# EXERCISE OBJECTIVE
The expected output is every line of the data exactly as shown, minus the images.

# PROVIDED MATERIAL
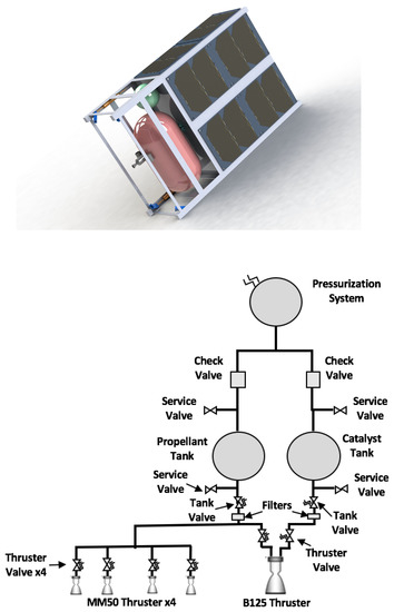 Summary of the B125 Propulsion System in development: (top) a solid model rendering of an envisioned 6U cubesat architecture; and (bottom) a system schematic diagram. Note that the tank configuration depicted above is not the tank configuration for the laboratory testing described in this study.
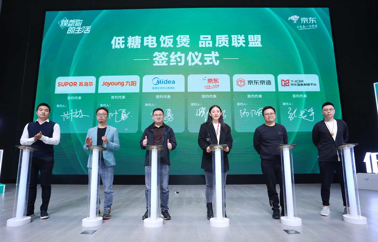 在这一背景下,京东家电本率先携手美的、九阳、苏泊尔、荣事达、京东京造联合发力,举办京东低糖饭煲品鉴论坛,明确定义了低糖电饭煲这一品类。并联合中国家用电器研究院,对京东平台售卖的多款产品进行检测。中国家用电器研究院更是携手京东家电与各大品牌共同制定、发布最新团体标准——《低糖电饭锅烹饪的米饭品质评价技术规范》,助力消费者挑选出真正对健康膳食有帮助的品质优品。此外,为了今后更好的推动行业健康发展,为消费者持续提供高品质的焕新产品,京东、美的、九阳、苏泊尔、京东京造品牌还在会上成立了“品质联盟”,承诺未来将严格按照最新团体标准生产、销售低糖电饭煲产品,为消费者的健康生活保驾护航。
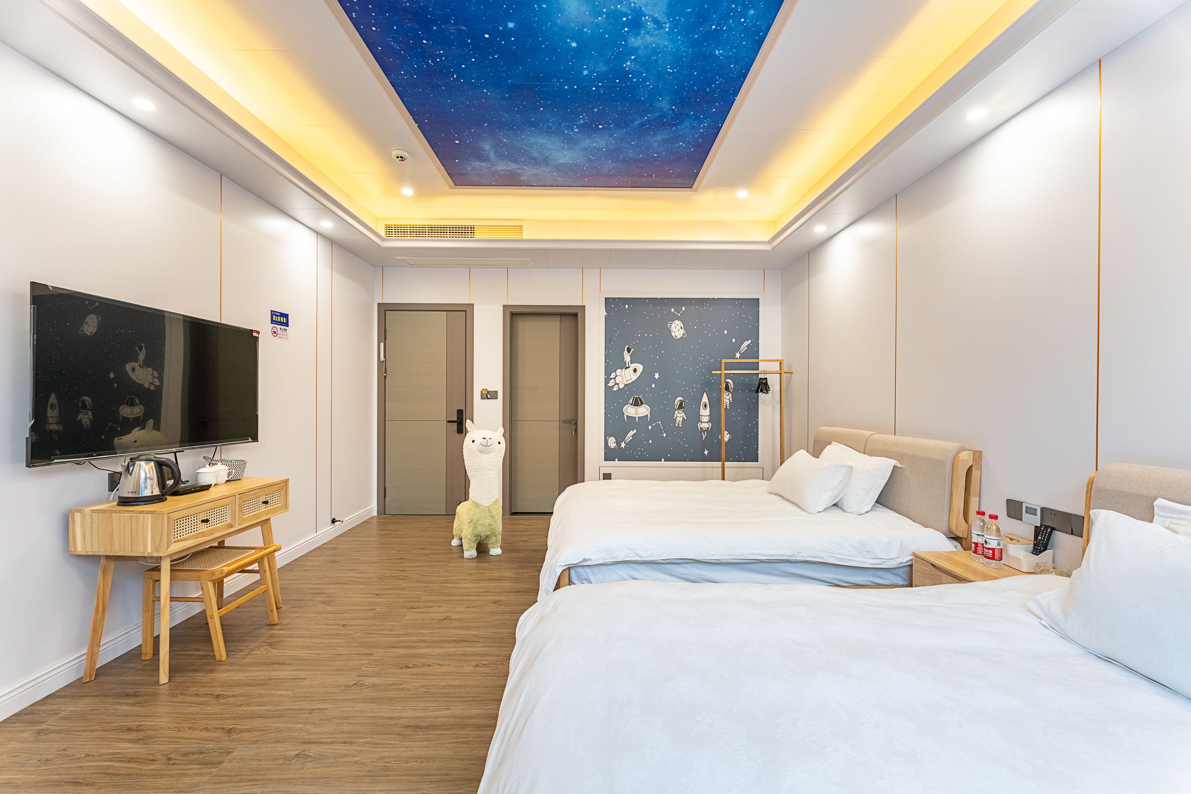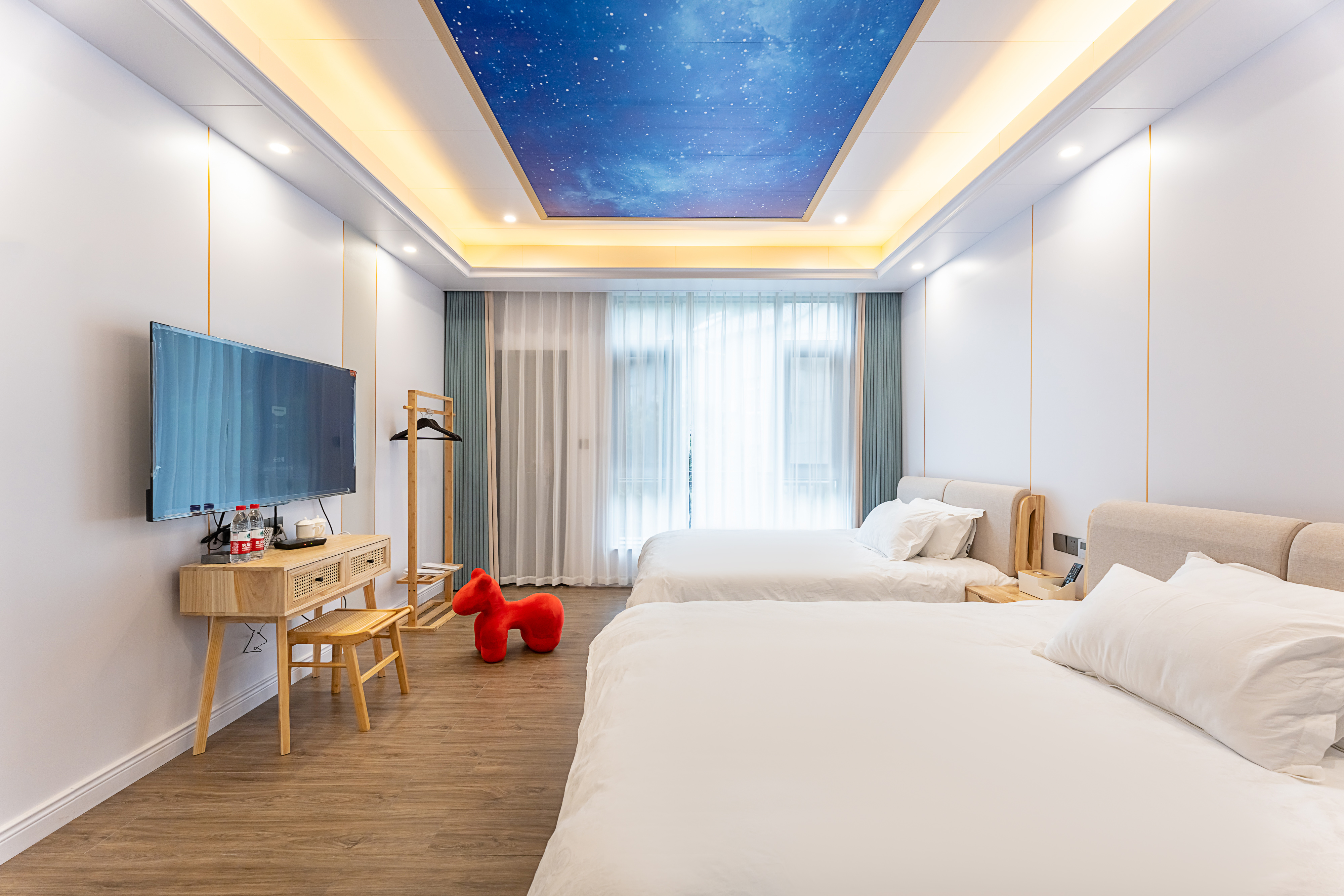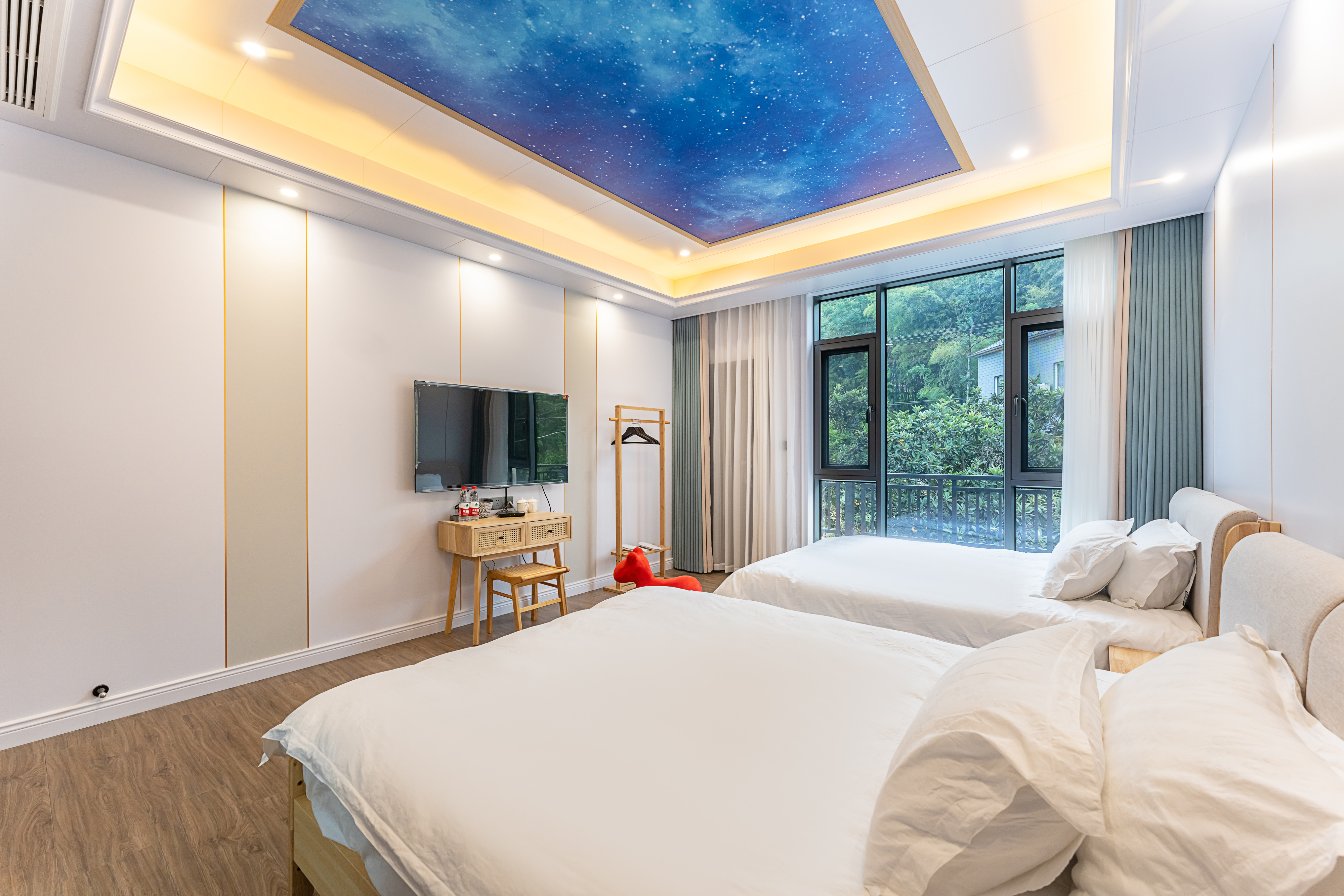 豪华大露台落地窗星空双床房

# SOLUTION FOR THIS TASK
 Summary of the B125 Propulsion System in development: (top) a solid model rendering of an envisioned 6U cubesat architecture; and (bottom) a system schematic diagram. Note that the tank configuration depicted above is not the tank configuration for the laboratory testing described in this study.
 在这一背景下,京东家电本率先携手美的、九阳、苏泊尔、荣事达、京东京造联合发力,举办京东低糖饭煲品鉴论坛,明确定义了低糖电饭煲这一品类。并联合中国家用电器研究院,对京东平台售卖的多款产品进行检测。中国家用电器研究院更是携手京东家电与各大品牌共同制定、发布最新团体标准——《低糖电饭锅烹饪的米饭品质评价技术规范》,助力消费者挑选出真正对健康膳食有帮助的品质优品。此外,为了今后更好的推动行业健康发展,为消费者持续提供高品质的焕新产品,京东、美的、九阳、苏泊尔、京东京造品牌还在会上成立了“品质联盟”,承诺未来将严格按照最新团体标准生产、销售低糖电饭煲产品,为消费者的健康生活保驾护航。
 豪华大露台落地窗星空双床房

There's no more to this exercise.